Last week at the “Advances in Contrast Ultrasound” conference in Chicago, ultrasound experts advocated expanded use for ultrasound contrast agents (UCAs) to give patients broader access to low-cost, safe and reliable diagnostic imaging.
UCAs contain microscopic gas-filled bubbles injected during an ultrasound exam to enhance image resolution. These agents reflect ultrasound signals as they flow via the circulatory system to the imaged area. Thus, they improve the imaging of tumours and organ systems throughout the body, including the kidney, bowel, breast, pancreas, prostate and carotid arteries.
UCAs contain no dye and present no known risk of liver or kidney damage. No sedation to limit movement in children and claustrophobic patients is required. Unlike MRI and CT contrasts, UCAs present little risk for patients with kidney failure or allergic to iodinated contrast. When used with UCAs, ultrasound offers real-time results to facilitate speedy diagnosis and quicker access to treatment. Three agents, Definity (Lantheus Medical Imaging), Lumason (Bracco) and Optison (GE Healthcare), are currently approved in the US for use in adult and pediatric patients for heart and liver imaging.
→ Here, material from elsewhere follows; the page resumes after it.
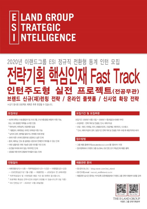 한편 이랜드그룹 전략기획본부 ESI는 이번 동계 인턴십 채용을 맞아 유튜브 온라인 채용설명회를 진행하고 있다. ESI 공식 유튜브 채널을 통해 배혜지 캐스터가 전하는 채용 소식과 지원 팁 등을 확인할 수 있으며 ESI 직무에 대한 자세한 내용은 ESI 블로그를 통해서도 확인할 수 있다.

Dr Stephanie Wilson, plenary speaker from the University of Calgary, noted that adult and pediatric patients benefit from broader UCA use to enhance diagnostic ultrasound, especially after decades of routine safe use. Pathologies can involve adjacent multiple organ systems, which one intravenous injection can highlight pathologies.
She said: “It makes absolutely no sense to ignore pathology that is clearly seen in adjacent organs simply because the FDA has only approved ultrasound contrast agents on an organ-by-organ basis, instead of providing a more clinically logical approval for whole-body imaging.”
Plenary speaker, Dr Richard G. Barr of Northeast Ohio Medical University, indicated that Many professional guidelines already advise off-label “unapproved” UCA use. Doctors already use UCA off-label and receive payer reimbursement. He added, “Doctors are permitted to use approved drugs for unapproved uses if they believe doing so is medically supported and appropriate for their patients.”
Drs Wilson and Barr both urged the FDA to work with UCA manufacturers to expand approved uses of UCAs for whole-body imaging. Dr Barr poignantly noted, “Remember that these are systemic agents. If you are looking at the liver and you happen to see something in the kidney, are you supposed to pretend you didn’t see it? …The only practical difference between CEUS imaging of the liver -- which is approved -- and CEUS imaging of the neighbouring kidney -- which is not yet approved -- is moving the external ultrasound transducer.”